El miedo ya no llama a la puerta, la revienta. Agentes de la Policía Nacional han detenido a tres marroquíes acusados de okupar una vivienda, cambiar la cerradura y atrincherarse dentro. No se trataba de un inmueble abandonado, sino de una vivienda familiar en la Playa de Palma que se convirtió en escenario de una inquietante historia que refleja una realidad cada vez más preocupante: la ocupación ilegal ya no distingue entre casas vacías y hogares habitados.

Todo ocurrió en la calle Rafel Ramis, donde una familia regresó a su domicilio esperando retomar la normalidad. Sin embargo, lo que encontraron fue completamente inesperado: la cerradura había sido cambiada. Su propia casa ya no les pertenecía, al menos, no en ese momento.

En el interior, tres marroquíes de 29, 24 y 22 años se habían instalado tras reventar la puerta de la vivienda. Según relataron posteriormente a la Policía Nacional, les dijeron que llevaban varios días viviendo allí con total tranquilidad, como si se tratara de su propio hogar. Lo que no sabían es que la rápida reacción de los vecinos, alertados por movimientos sospechosos, había activado una intervención inmediata.

Agentes de la Policía Nacional acudieron con urgencia al lugar. La tensión era máxima. Tras acceder al inmueble, se encontraron con los ocupantes atrincherados en la vivienda, defendiendo su presencia con una sorprendente naturalidad. Alegaban llevar días dentro, como si eso legitimara una situación que, para los propietarios, era una auténtica pesadilla.

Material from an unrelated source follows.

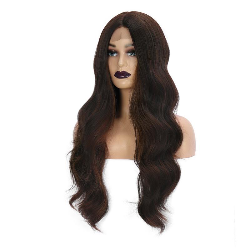 Peluca popular transfronteriza europea y americana para damas, peluca de encaje pequeña, n.° 4, peluca de encaje de fibra química de pelo largo y rizado con ondas grandes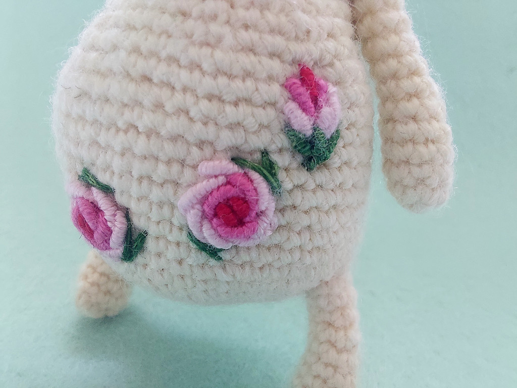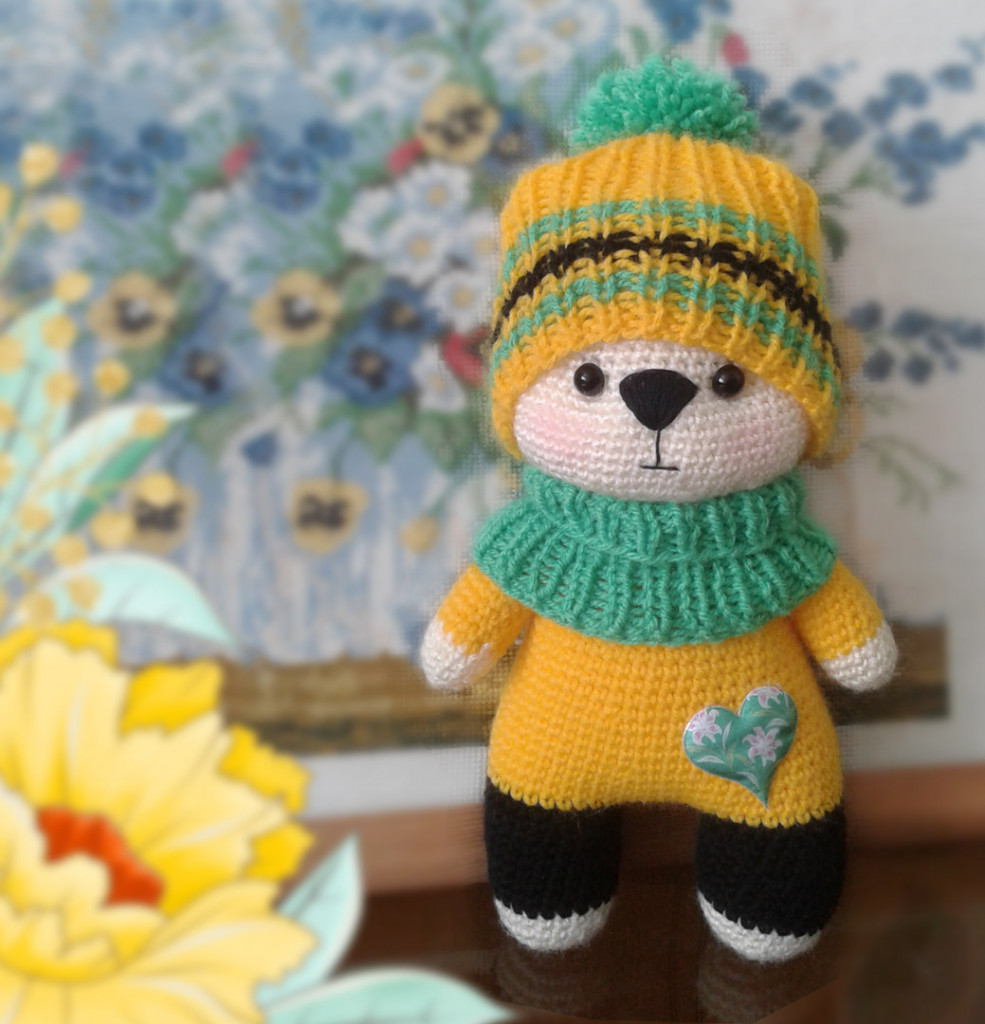 Мишка Лютик по МК Светланы Перцевой. Рост 10см, стоит с опорой. Без каркаса( а надо было). Цветочки вышиты.

La intervención policial permitió recuperar la vivienda y detener a los tres okupas, como presuntos autores de un delito de allanamiento de morada, una figura especialmente grave cuando se trata de domicilios habitados. Pero el desenlace ha vuelto a encender el debate social: tras pasar a disposición judicial, los detenidos quedaron en libertad con cargos.

Este caso pone sobre la mesa una inquietante evolución del fenómeno de la okupación en España. Ya no se trata únicamente de viviendas vacías o segundas residencias. El salto cualitativo es evidente: los okupas comienzan a irrumpir en casas habitadas, cruzando una línea que multiplica la sensación de inseguridad ciudadana. Vecinos de la zona aseguran que la rapidez policial evitó una situación aún más grave, pero el temor persiste. «Hoy ha sido esta familia, mañana puede ser cualquiera», comentaba un residente visiblemente preocupado.

Mientras tanto, la pregunta queda en el aire: ¿hasta dónde llegará este fenómeno? Porque cuando la puerta de tu casa deja de ser una barrera segura, el problema deja de ser individual y se convierte en colectivo.